I had a dream about him doing this just last night, and one week after he wants sex and I say no, I don't feel well. The dream jumped to two weeks, and I am still saying no. Two months and he is looking to file for divorce and we haven't done anything. Maybe it's just me but it makes me feel like he isn't even a male anymore. I can see this whole thing turning into a divorce or something. 
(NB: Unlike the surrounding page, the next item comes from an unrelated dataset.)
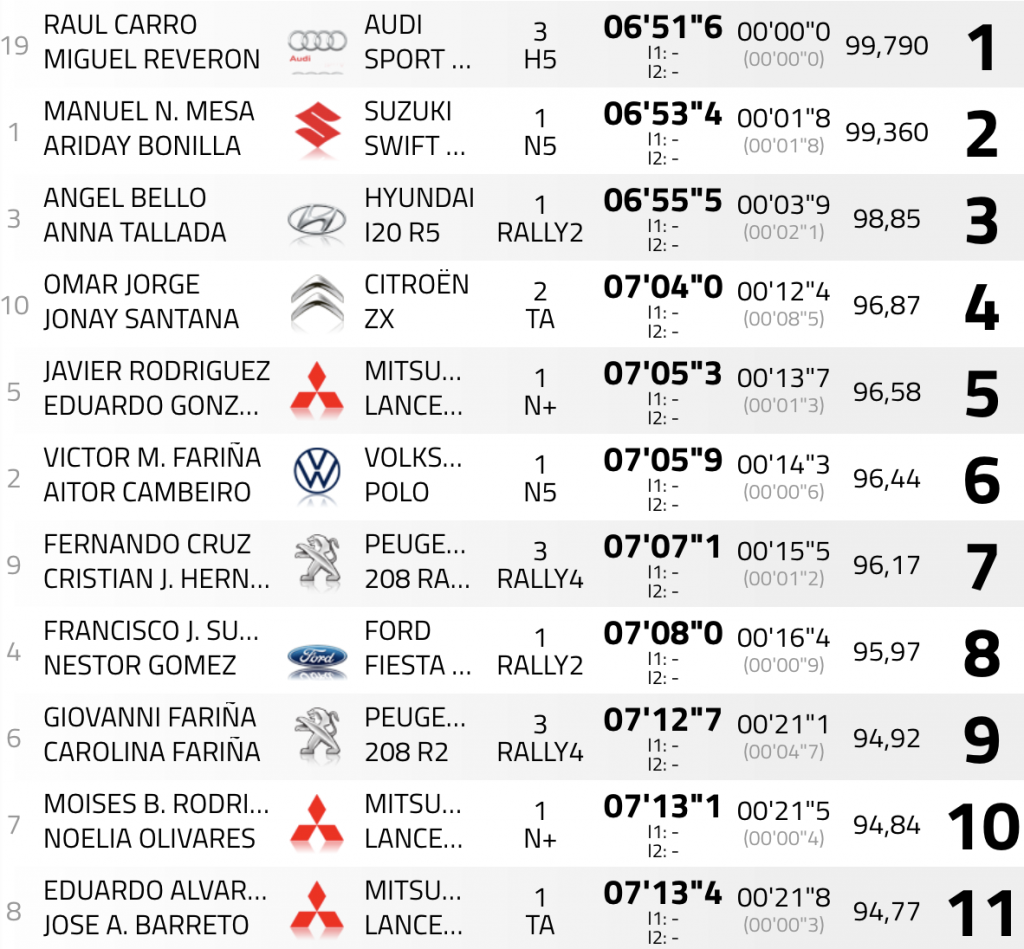 Espectaculares Raúl Carro y Miguel Reverón (Audi Sport Quattro S1 E2), que han marcado el mejor crono de la especial, con 1.8 sobre Mesa y Bonilla, lo que les hace ser terceros y a sólo 2.6 del liderato y 1.6 del segundo lugar.
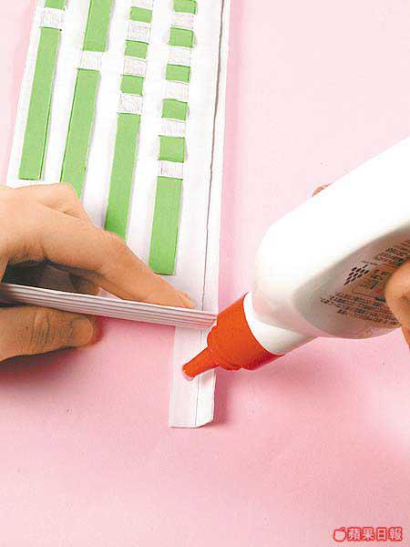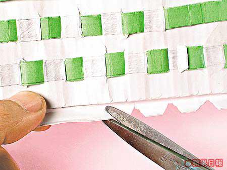 材料:白色及綠色幼坑紋瓦通紙各1張$18

And I want more kids and it makes me feel like he isn't even considering what I want. He said we can adopt. I said I want our own. He said, I can get it reversed if we both feel that way. I reminded him that my father and step-mom have tried to get my dad's reversed without any luck at all. She has finally decided the two of them will not have kids of their own. Ouch! He says now a day this is easier to reverse. I tell him I am on good birth control, the mirena 5 yr. He says those sometimes fail. I am just so frustrated. If he does this, it will break up our marriage. I just know it. And he won't get any sympathy from me while he is icing his area because it hurts so much for a week. He'll be like can you get me a glass of water? And I will be like, I didn't want you to do this in the first place, so NO. Get your own damned glass of water. If he asks for the remote, I would probably be ticked enough to toss it at his crotch. I'm just... I just don't want him to do this.


----------



## Crypsys (Apr 22, 2010)

Catsy101, your in a situation kind of like what my wife and I were in about a year ago. We have 3 boys who are 8, 6 and 20 months. We are now pregnant with our 4th (a girl who is due in October).
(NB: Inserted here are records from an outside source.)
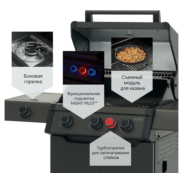 Этот гриль сочетает в себе простоту эксплуатации, высокую производительность и стильный дизайн, превращая каждую трапезу на свежем воздухе в настоящее удовольствие.
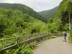 今年の春のフィールドワークは、八王子市浅川地区の甲州道中旧道と八王子城跡の見学を企画しました(加藤を含めて12名参加)。まず午前中は、昨年の秋に中央線の上野原駅から藤野駅方面に向って甲州道中の旧道沿いに残る上野原宿本陣や番所跡などを訪れたのにつなげる意味もあり、今回は途中にそびえる甲州道中の小仏峠越えはまたの機会として、小仏峠を越した麓から高尾駅までのコースとしました。途中では、台座に大きく「小仏宿」(甲州道中の宿場)と書かれた馬頭観音塔(弘化四年[1847]再建)や駒木野宿にある小仏関所など、甲州道中の名残りを示すものや、高尾山信仰とも係わる蛇滝茶屋跡、中央本線開設時からの煉瓦構造物など、いろいろなものを見ながら少し早足となりましたが歩きました。
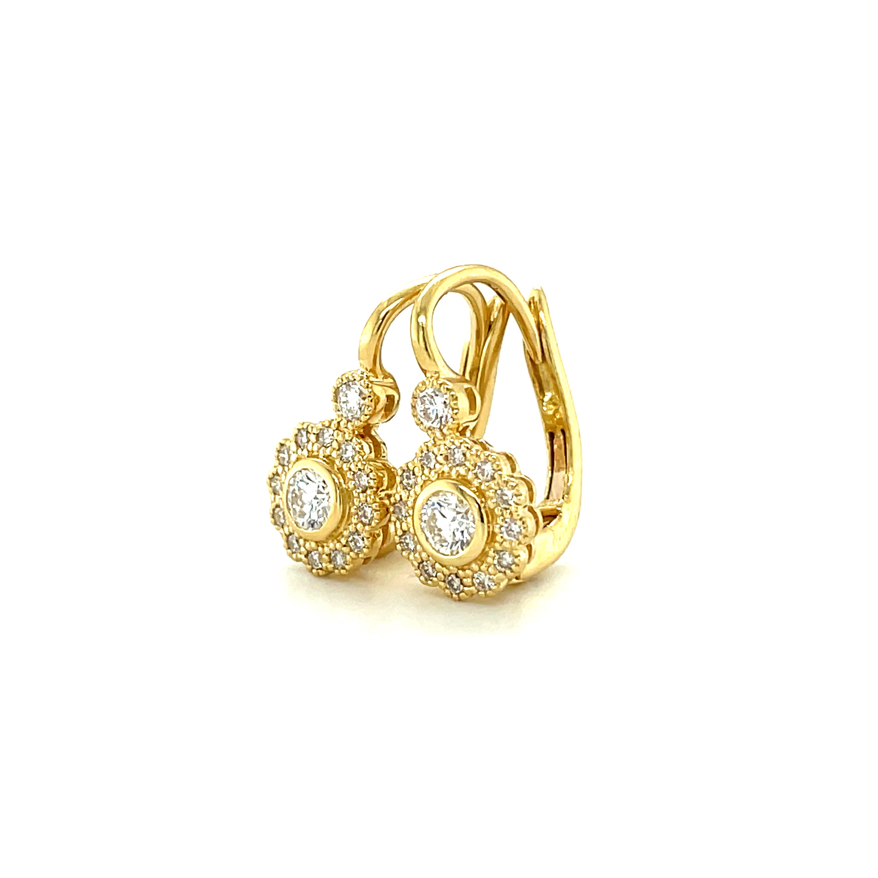 18kt geelgouden klassieke stijl oorhangers bezet met 0.48ct (4X) VS1 G briljant geslepen diamant
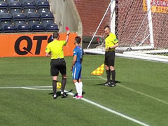 ピッチの隅でもどしてしまう副審。これにはジョーダン選手も困惑
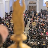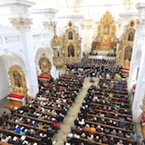 «Dieses Konzert setzt ein Zeichen der Hoffnung», so Abt Vigeli Monn in seiner Begrüssung. «Es ist ein Aufruf zum Frieden auf der ganzen Welt – und besonders in der Ukraine.» «The Armed Man: A Mass for Peace» zeige den Schrecken und die Leiden, die der Krieg bringe, so Abt Vigeli weiter, «aber es endet mit der Einsicht, dass Frieden besser ist als Krieg und dass Gott alle Tränen wegwischt. Möge Gott uns und der ganzen Welt seinen Frieden schenken.»

At first I did not want a 4th child, no way, no how! I was wanting to get a vasectomy and just have it done. My wife wanted to try for a 4th child. She wanted a girl, but she would have been happy with whatever we had. I was resistant at first and I told her for at one point I didn't even WANT to discuss it at all. She didn't pester me about it, whine about it or nag about it. She just would bring it up now and again in normal conversation trying to understand my point of view. She never tried to change my mind, trick me or deceive me. 

After we spoke it about on again/off again for about 6 months or so I finally understood her point of view and her reasons. It was then I agreed with her and we tried for our 4th.

On a side note, our 4th almost didn't happen! We had trouble conceiving (which we didn't with the others) and she even had to go on Clomid. She went through 3 cycles, and nada. We had at that point given up on having a 4th. 2 months later, we found out she was pregnant.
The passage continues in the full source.